══ DATA PROVIDED ══

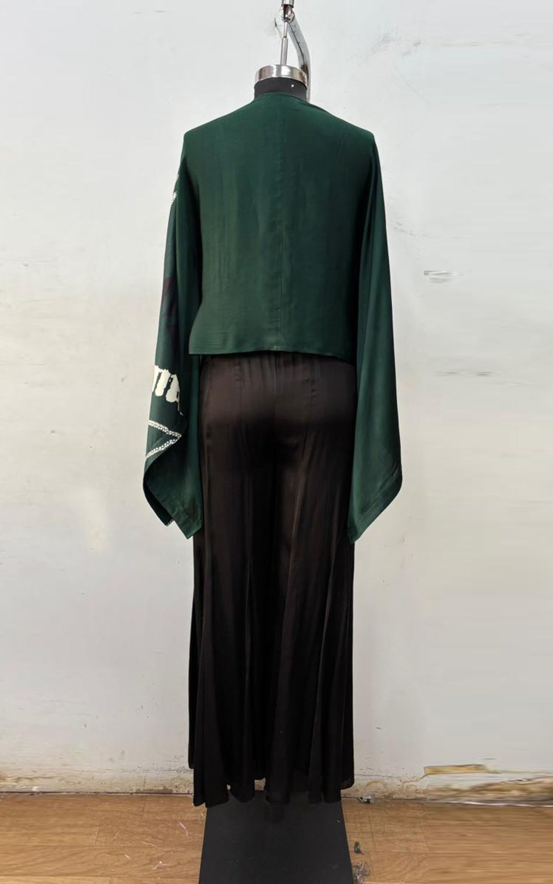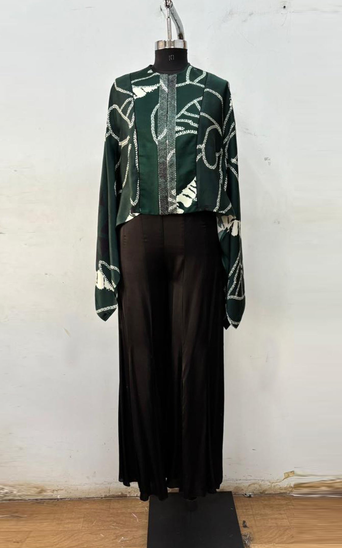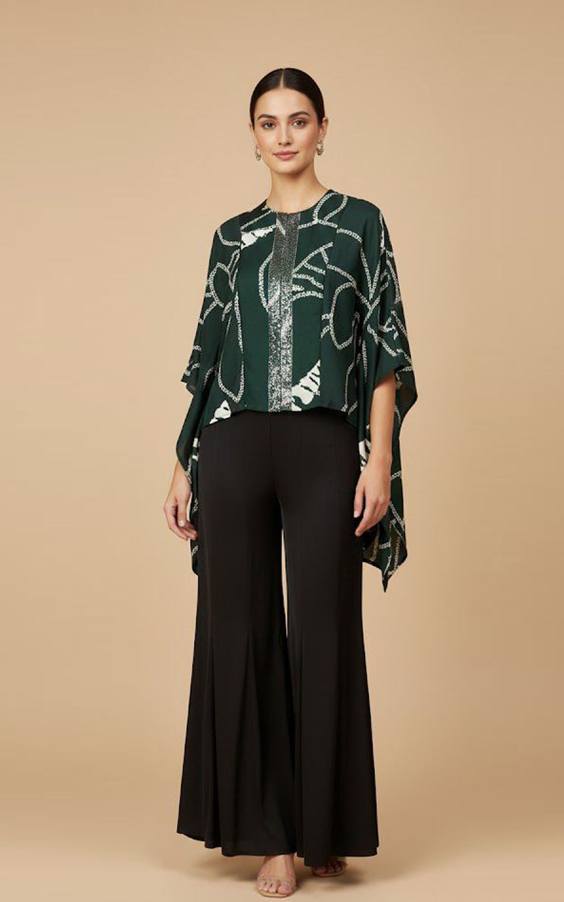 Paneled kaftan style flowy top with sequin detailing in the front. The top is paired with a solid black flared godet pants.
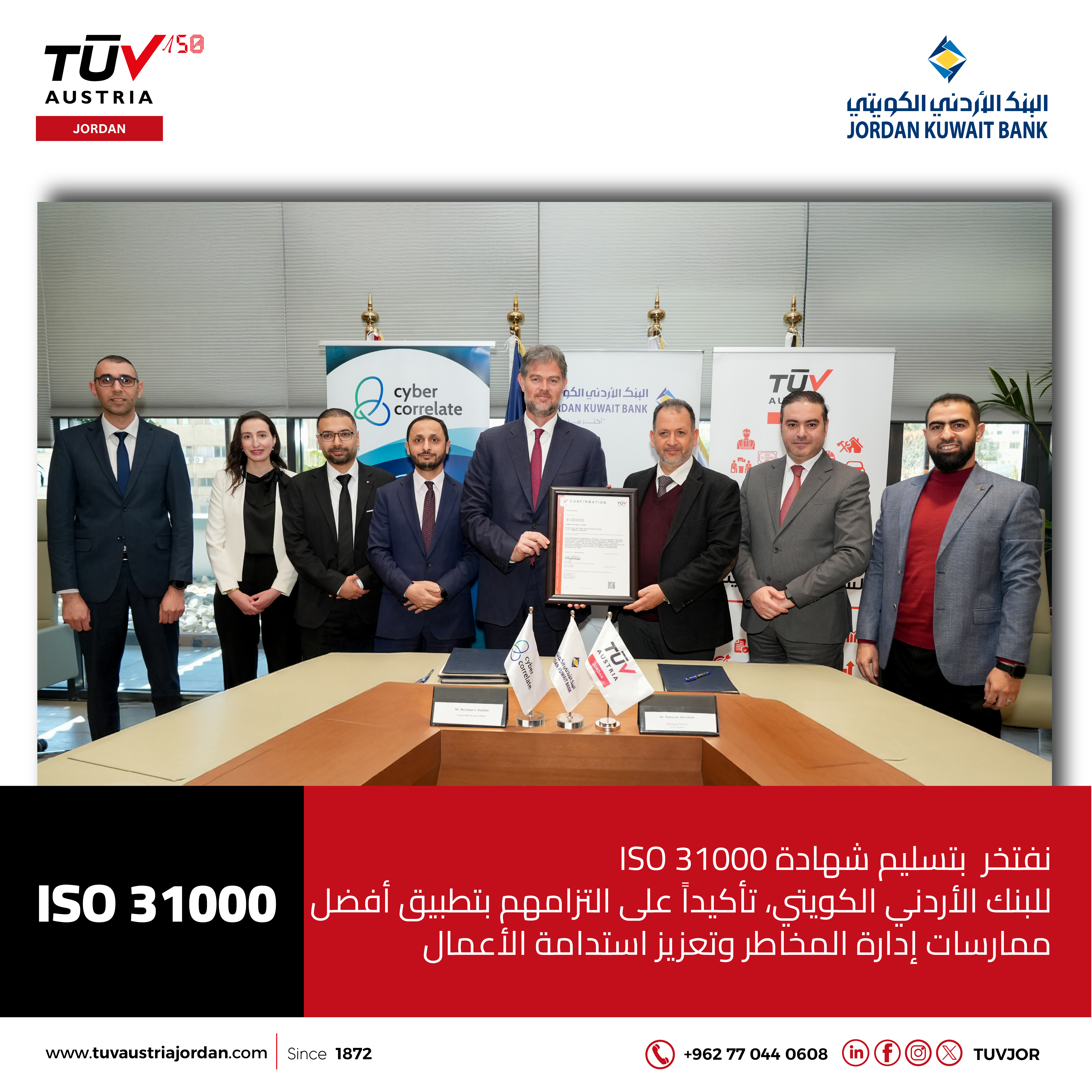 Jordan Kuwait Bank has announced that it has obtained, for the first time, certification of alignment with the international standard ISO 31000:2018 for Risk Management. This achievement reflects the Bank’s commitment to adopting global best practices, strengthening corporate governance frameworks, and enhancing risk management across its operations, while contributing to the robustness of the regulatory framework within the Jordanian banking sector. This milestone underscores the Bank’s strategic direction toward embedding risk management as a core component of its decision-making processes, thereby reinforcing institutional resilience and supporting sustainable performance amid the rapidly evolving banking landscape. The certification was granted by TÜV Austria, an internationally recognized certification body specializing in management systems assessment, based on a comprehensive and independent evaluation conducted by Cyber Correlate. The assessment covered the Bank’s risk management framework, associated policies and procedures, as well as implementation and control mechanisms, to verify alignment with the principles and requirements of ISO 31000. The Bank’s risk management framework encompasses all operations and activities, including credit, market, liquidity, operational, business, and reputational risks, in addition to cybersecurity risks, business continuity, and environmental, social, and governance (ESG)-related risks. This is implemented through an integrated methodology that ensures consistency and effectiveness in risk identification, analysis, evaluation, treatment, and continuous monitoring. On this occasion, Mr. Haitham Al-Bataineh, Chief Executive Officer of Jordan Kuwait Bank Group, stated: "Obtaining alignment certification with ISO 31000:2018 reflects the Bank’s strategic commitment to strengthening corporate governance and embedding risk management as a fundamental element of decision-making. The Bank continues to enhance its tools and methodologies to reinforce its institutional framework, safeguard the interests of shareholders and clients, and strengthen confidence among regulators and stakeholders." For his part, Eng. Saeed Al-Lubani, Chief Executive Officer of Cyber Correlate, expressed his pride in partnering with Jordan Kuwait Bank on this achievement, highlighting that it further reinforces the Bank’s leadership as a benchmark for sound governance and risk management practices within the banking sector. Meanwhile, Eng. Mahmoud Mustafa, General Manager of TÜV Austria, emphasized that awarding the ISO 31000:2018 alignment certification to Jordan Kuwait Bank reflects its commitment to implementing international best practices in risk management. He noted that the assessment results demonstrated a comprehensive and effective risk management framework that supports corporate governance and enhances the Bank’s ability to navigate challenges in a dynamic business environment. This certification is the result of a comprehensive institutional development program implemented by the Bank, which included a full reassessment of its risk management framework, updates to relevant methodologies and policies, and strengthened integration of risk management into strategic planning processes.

═══
══ DATA PROVIDED ══

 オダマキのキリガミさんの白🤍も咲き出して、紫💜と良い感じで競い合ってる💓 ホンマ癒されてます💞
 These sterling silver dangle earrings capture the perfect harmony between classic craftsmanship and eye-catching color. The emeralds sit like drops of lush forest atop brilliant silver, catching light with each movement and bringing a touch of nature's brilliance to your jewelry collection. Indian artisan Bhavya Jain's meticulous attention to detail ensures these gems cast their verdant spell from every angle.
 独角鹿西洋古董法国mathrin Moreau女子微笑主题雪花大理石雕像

═══

# THE PROBLEM
Which lines run from the one holding "オダマキのキリガミさんの白🤍" through the one holding "独角鹿西洋古董法国mathrin Moreau女子微笑主题雪花大理石雕像" in the records above? Repeat them exactly, both included, and nothing more.

# WRITTEN SOLUTION
 オダマキのキリガミさんの白🤍も咲き出して、紫💜と良い感じで競い合ってる💓 ホンマ癒されてます💞
 These sterling silver dangle earrings capture the perfect harmony between classic craftsmanship and eye-catching color. The emeralds sit like drops of lush forest atop brilliant silver, catching light with each movement and bringing a touch of nature's brilliance to your jewelry collection. Indian artisan Bhavya Jain's meticulous attention to detail ensures these gems cast their verdant spell from every angle.
 独角鹿西洋古董法国mathrin Moreau女子微笑主题雪花大理石雕像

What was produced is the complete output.